### WHAT TO PRODUCE
Transcribe every entry exactly, leaving out any pictures.

[[ GIVEN ENTRIES open ]]

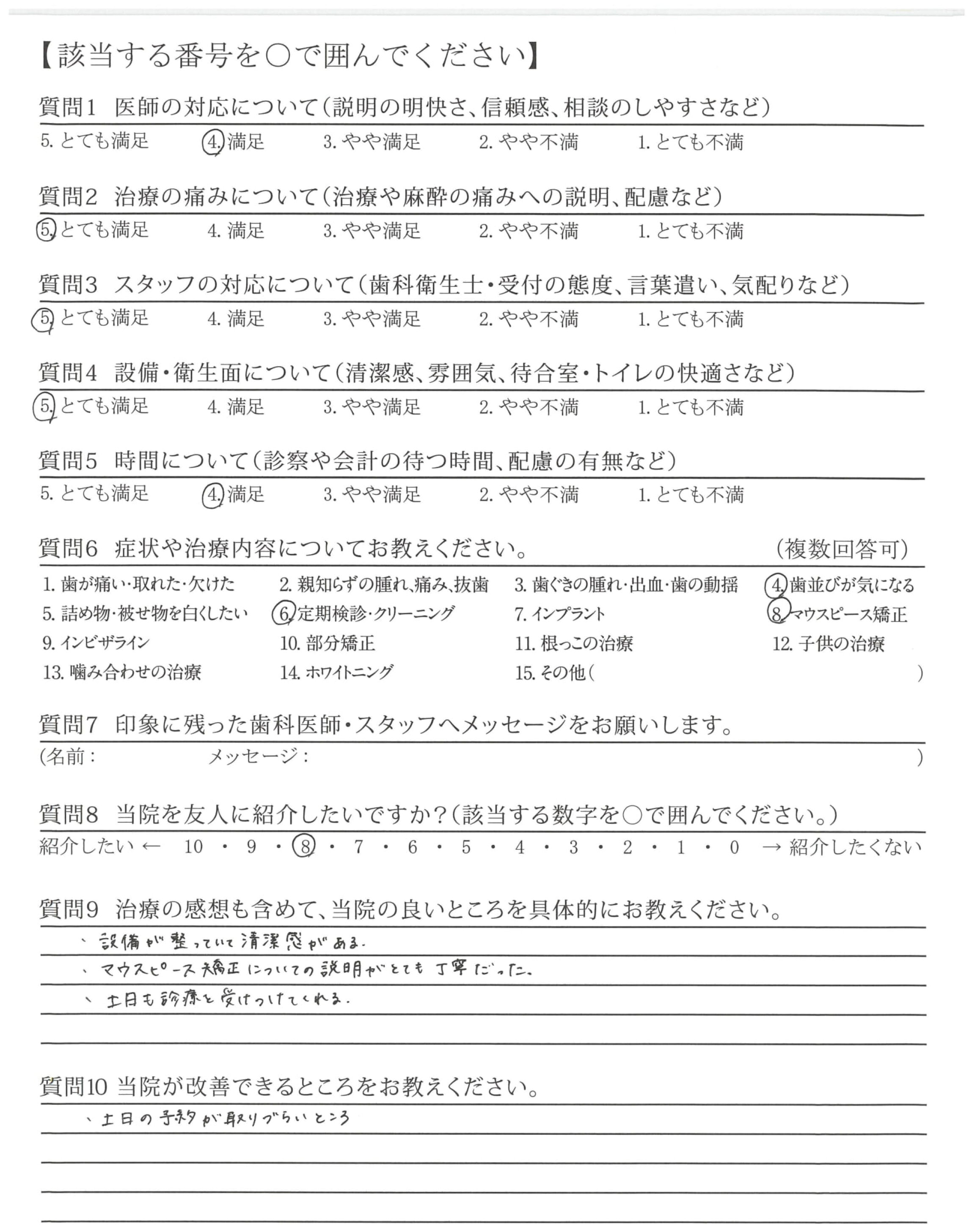 矯正相談でお世話になりましたが、わかりやすく丁寧に説明して頂きよかったです。親知らずも抜かずにできるということで安心しました。
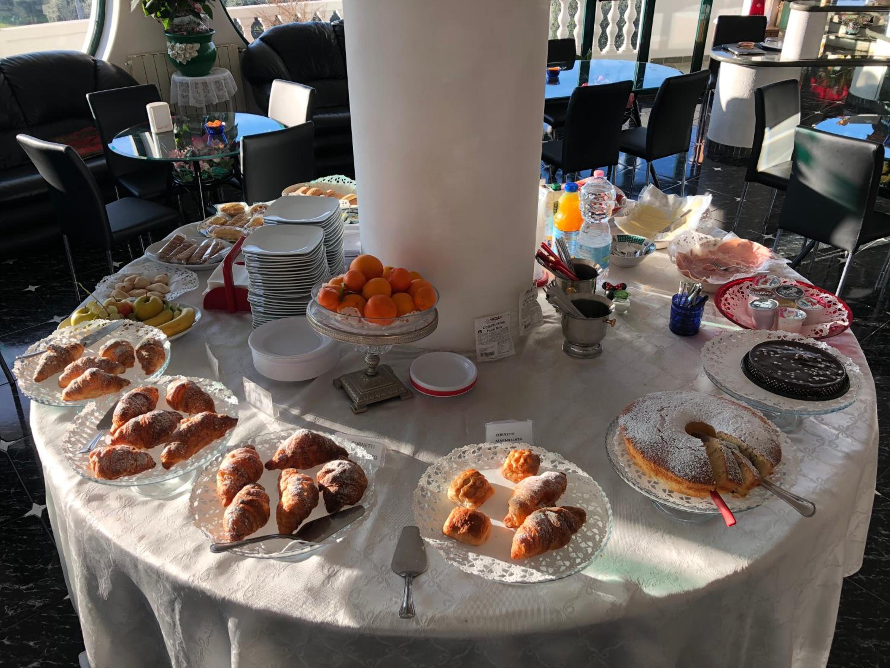 Colazione eccellente: tantissima varietà di dolci di produzione artigianale ma anche uova e diverse possibilità di colazione salata e frutta di stagione.
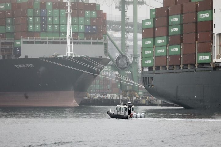 这是10月22日在美国加利福尼亚州洛杉矶港拍摄的集装箱货轮。新华社发
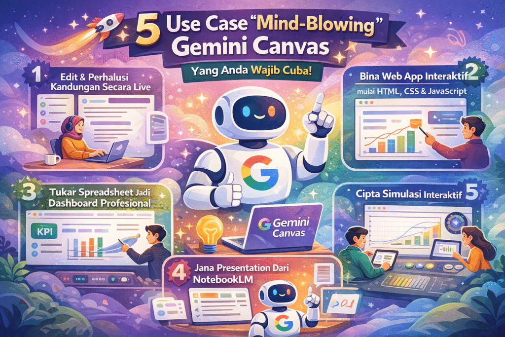 5 Gemini Canvas use case dalam dunia AI yang semakin berkembang, Gemini bukan sekadar chatbot biasa. Dengan ciri Gemini Canvas, cara kita bekerja kini berubah sepenuhnya daripada sekadar mendapatkan jawapan kepada membina output interaktif yang benar-benar berfungsi.
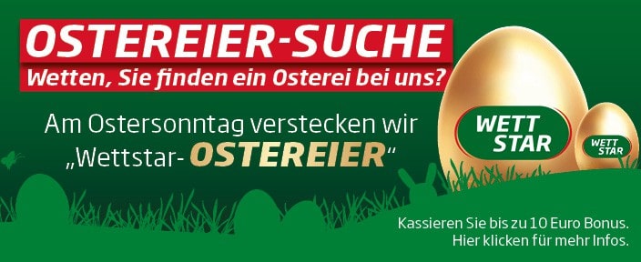 Die Oster-Aktion richtet sich an Wettstar Internetkonto-Inhaber und wird ausschließlich am 04. April 2021 angeboten. Innerhalb dieses Zeitraums werden 5 „Wettstar-Ostereier“ auf verschiedenen Unterseiten der Internetseite versteckt.
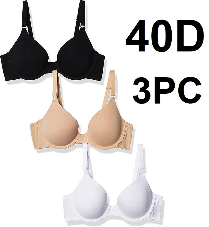 3PC WOMENS FRUIT OF THE LOOM COTTON STRETCH EXTREME COMFORT BRA - 40D - WHITE/BLACK/BEIGE - (MODEL: ‎ FT797PKA)
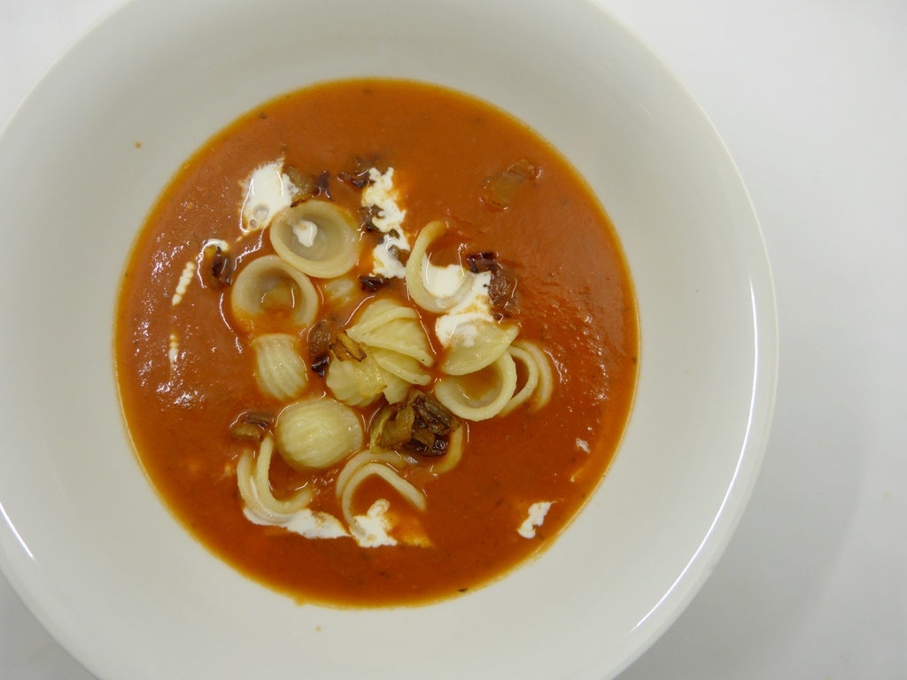 Tomatensuppe, serviert mit in reichlich Butter braun gebratenen Zwiebeln, gegarten Orecchiette und Sahne – sehr fein.

[[ GIVEN ENTRIES closed ]]

### TASK OUTPUT
 矯正相談でお世話になりましたが、わかりやすく丁寧に説明して頂きよかったです。親知らずも抜かずにできるということで安心しました。
 Colazione eccellente: tantissima varietà di dolci di produzione artigianale ma anche uova e diverse possibilità di colazione salata e frutta di stagione.
 这是10月22日在美国加利福尼亚州洛杉矶港拍摄的集装箱货轮。新华社发
 5 Gemini Canvas use case dalam dunia AI yang semakin berkembang, Gemini bukan sekadar chatbot biasa. Dengan ciri Gemini Canvas, cara kita bekerja kini berubah sepenuhnya daripada sekadar mendapatkan jawapan kepada membina output interaktif yang benar-benar berfungsi.
 Die Oster-Aktion richtet sich an Wettstar Internetkonto-Inhaber und wird ausschließlich am 04. April 2021 angeboten. Innerhalb dieses Zeitraums werden 5 „Wettstar-Ostereier“ auf verschiedenen Unterseiten der Internetseite versteckt.
 3PC WOMENS FRUIT OF THE LOOM COTTON STRETCH EXTREME COMFORT BRA - 40D - WHITE/BLACK/BEIGE - (MODEL: ‎ FT797PKA)
 Tomatensuppe, serviert mit in reichlich Butter braun gebratenen Zwiebeln, gegarten Orecchiette und Sahne – sehr fein.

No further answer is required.